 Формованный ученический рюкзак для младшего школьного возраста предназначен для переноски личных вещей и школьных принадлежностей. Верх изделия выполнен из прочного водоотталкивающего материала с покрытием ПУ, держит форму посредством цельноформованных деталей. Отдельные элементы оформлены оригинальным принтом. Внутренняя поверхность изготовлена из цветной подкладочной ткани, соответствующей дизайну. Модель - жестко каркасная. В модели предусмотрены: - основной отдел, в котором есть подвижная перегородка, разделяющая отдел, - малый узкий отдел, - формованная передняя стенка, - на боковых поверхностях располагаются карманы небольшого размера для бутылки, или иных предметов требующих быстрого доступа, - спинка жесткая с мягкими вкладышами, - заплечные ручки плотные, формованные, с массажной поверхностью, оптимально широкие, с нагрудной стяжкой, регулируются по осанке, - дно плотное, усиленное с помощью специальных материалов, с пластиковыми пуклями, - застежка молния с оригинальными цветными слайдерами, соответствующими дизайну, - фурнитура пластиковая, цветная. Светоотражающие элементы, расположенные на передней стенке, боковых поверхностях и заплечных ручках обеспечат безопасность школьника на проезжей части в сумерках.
--
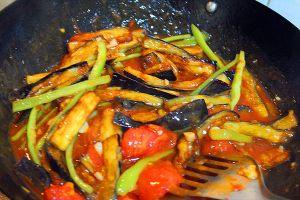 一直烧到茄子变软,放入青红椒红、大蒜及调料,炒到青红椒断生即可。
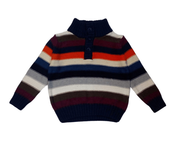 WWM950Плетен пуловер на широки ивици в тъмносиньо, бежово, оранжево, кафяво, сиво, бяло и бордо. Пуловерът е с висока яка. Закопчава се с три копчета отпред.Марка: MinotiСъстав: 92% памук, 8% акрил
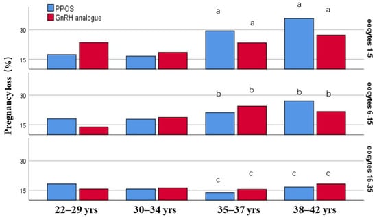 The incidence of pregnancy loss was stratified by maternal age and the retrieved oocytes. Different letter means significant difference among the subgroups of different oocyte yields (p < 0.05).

What you are asked to do = Within the listing above, copy exactly the lines that start at the one with "一直烧到茄子变软,放入青红椒红、大蒜及调料,炒到青红椒断生即可。" and continue through the one with "The incidence of". Omit pictures.

Output for this task =
 一直烧到茄子变软,放入青红椒红、大蒜及调料,炒到青红椒断生即可。
 WWM950Плетен пуловер на широки ивици в тъмносиньо, бежово, оранжево, кафяво, сиво, бяло и бордо. Пуловерът е с висока яка. Закопчава се с три копчета отпред.Марка: MinotiСъстав: 92% памук, 8% акрил
 The incidence of pregnancy loss was stratified by maternal age and the retrieved oocytes. Different letter means significant difference among the subgroups of different oocyte yields (p < 0.05).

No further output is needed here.